As far as I understand var is a class variable here:
class MyClass:
var = 'hello'
def __init__(self):
print(self.var)
And thats an instance variable:
class MyClass:
def __init__(self, var):
self.var = var
print(self.var)
I had the problem, that I was looking for a method to make type hinting possible for instance variables. I can of course typehint the parameter with def __init__(self, var: str): but that would not effect the instance variable itself.
Then I noticed in some descriptions (like here) that they used the term instance variable for a var like this:
class MyClass:
var : str = 'hello'
def __init__(self, var : str = None):
self.var = var if var
print(self.var)
That would be the solution indeed, but is that still an instance variable? Because it is defined in the class body, it would be a class variable in my understanding. If you would use a list for var, all alterations to this list-var would be shared over the instances.

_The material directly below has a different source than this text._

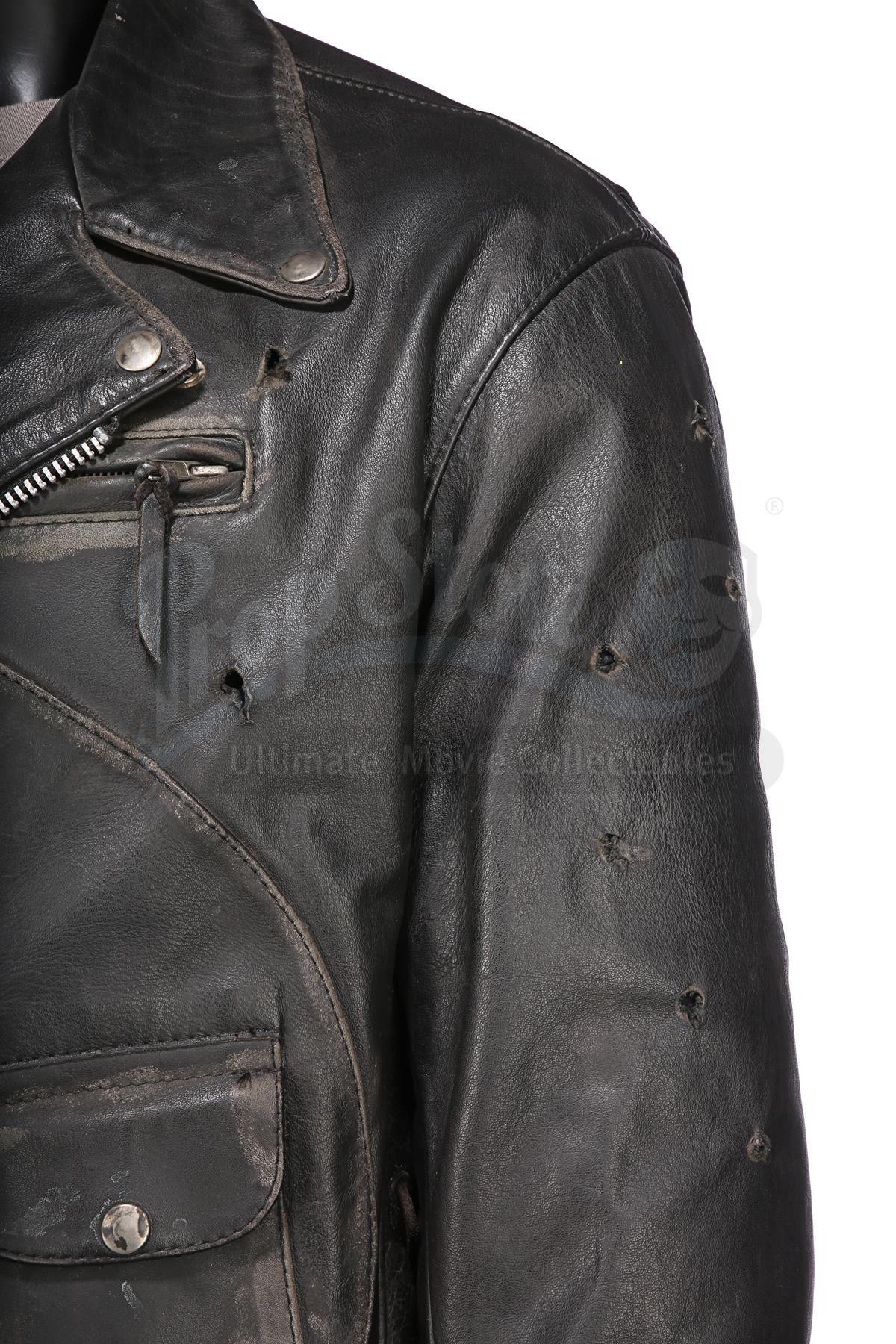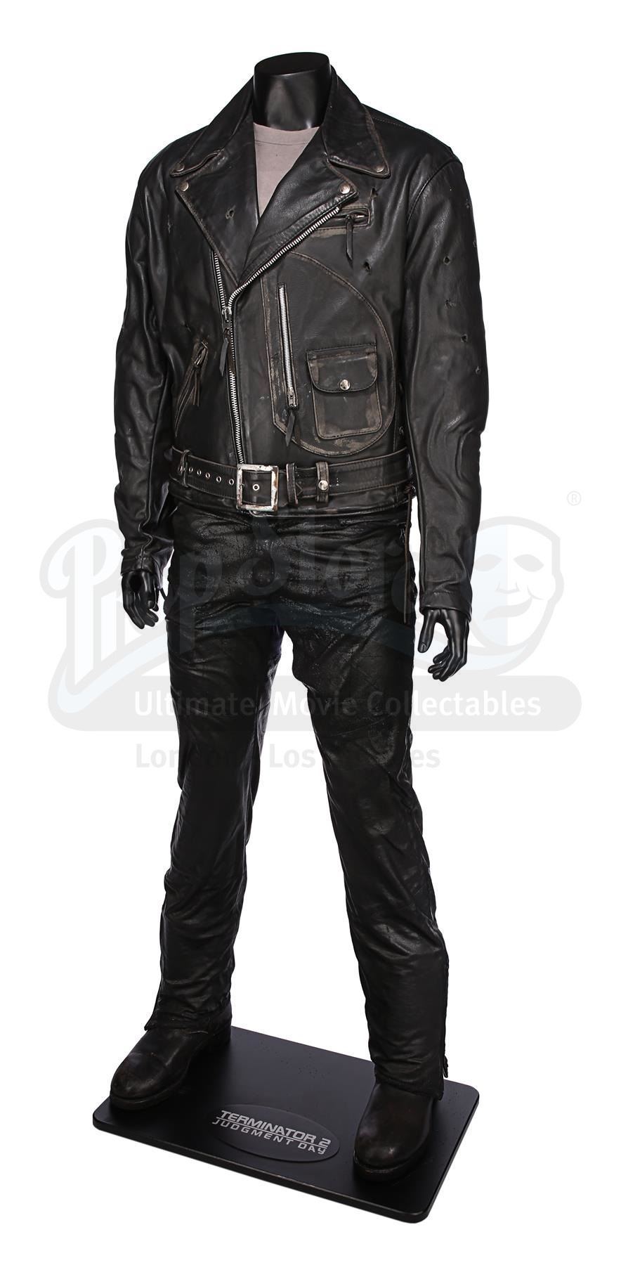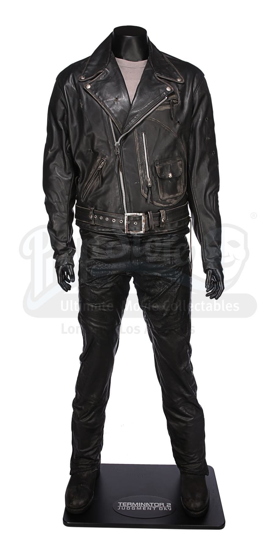 complete costume from James Cameron's sci-fi action sequel Terminator 2: Judgment Day. Terminator wore his costume throughout the film, from the opening scenes in which he stole the ensemble from a disgruntled biker, through the action-packed fight scenes against the seemingly invincible T-1000 (Robert Patrick), to the final scene when said goodbye to John (Edward Furlong) and Sarah Connor (Linda Hamilton), giving one final thumbs-up as he sank into molten steel.

But in this case there would be no problem, because the string is replaced and would not be shared for other instances. However, it seems wrong to me if you call it an instance variable and I don't know if I should use it like this just to have the type hinting working.
That would be the solution indeed, but is that still an instance variable? Because it is defined in the class body, it would be a class variable in my understanding. [...snip...] However, it seems wrong to me if you call it an instance variable and I don't know if I should use it like this just to have the type hinting working.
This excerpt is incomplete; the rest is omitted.